In contrast to Julie, Françoise Blin de Bourdon was born into an aristocratic family and was raised by her grandparents at their estate in Gezaincourt. Françoise received the education developed for the elite training of the higher ranks of society. This training was “a formal and academic type of training, socially exclusive, and directed towards the culture of the court, the university and the higher level of public life.” Françoise received her early education at the Benedictine Abbey at Coullens under the direction of Abbess Anne Le Boucher d’Orsay de Marolees, “an outstandingly able woman with definite views on the education of girls and Françoise as a child had to ‘form her judgment and strengthen her will’ by means of religious instruction, reading, penmanship, the use of globes, painting, embroidery and playing the harpsichord….It made her a cultured woman and an educator…” Her education at the royal abbey was complemented by the Ursuline school at Amiens where the primary commitment was a more formal education which excelled in teaching and organization. “Françoise saw how careful arrangements, clear teaching and a personal interest in each pupil could help the more unpromising scholars. She noticed the role of the mistress general and seems to have remembered in particular the influence of her own mistress of division.

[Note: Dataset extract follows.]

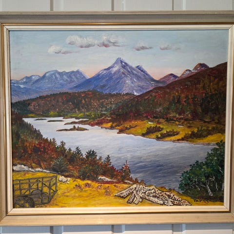 Dette er et landskap malt på tykt akvarellpapir med akvarellmaling. Fargevalget er kaldt og vinterlig. Verket er i A4-størrelse.

The idea of the dixainières who captained their own small teams appealed to her as also did the whole impression of a boarding school limited in numbers and thorough in its academic work but run on family lines.”

These two trends in education developed independently, separated by social distinction but after the French Revolution, it became possible for the first time to combine them. Julie and Françoise began to blend their educational experiences when they taught catechism to the children of Amiens and later in the small village of Bettencourt where they “instructed the women in religion, reading and writing, some arithmetic, and needlework.”

In 1804, they made a formal commitment to join forces and invite other women to “devote themselves to the education of orphans and especially to the formation of teachers, who were to go wherever they were needed… to instruct the poor…” Their collaboration in education was more than a melding of their educational backgrounds. They each brought a personality to the endeavor which gave a unique spirit to the enterprise.

Julie was a born leader with unbounded energy which gave her courage to embrace large undertakings with a deep inner peace. Sr. Mary Linscott describes her well:

Her temperament made relations with her easy. All her correspondence gives the lie to the tranquilly smiling portrait that satisfied the piety of the nineteenth century. She must have been quick, lively and vivacious, her Gallic pungency never far from the surface, brisk in manner and ready of wit. On a journey it was hard to keep up with her and she used to laugh about the pas de géant that outdistanced Sisters much younger than herself. She would lend a hand with anything, from joining in to help with the wash as soon as she arrived at Ghent to taking over as class at St. Hubert. She would do the early morning marketing herself, enjoying the preliminary skirmish with the stall-holder to fix a price and not at all put out when the piglets she bought once followed her back to church. All the evidence indicates that there was a buoyancy and sense of humour in Mère Julie that made her thoroughly good to live with and a fire about her that kindled enthusiasm. Her charm was infections. “She made us so happy at Namur,” wrote one of the first sisters. “She was so lively and yet so interested in each one.” “I remember her kindness and her laughter…she was gay (joyous, my translation) and liked to see us gay (joyous) too, so she used to make us laugh.” Apparently she was everywhere at once. “You never knew where you might meet Mère Julie. She would come into class when she was least expected…always brisk and always smiling and you felt better, somehow, for having seen her.” Her comments were graphic and her vital interest covered everything from the way the Sisters read and wrote and spelt to the way that the butter was salted or to the “great beam and thirteen bars” that she put on the main school gate at Namur when the Cossacks were in the town after Napoleon’s retreat from Moscow.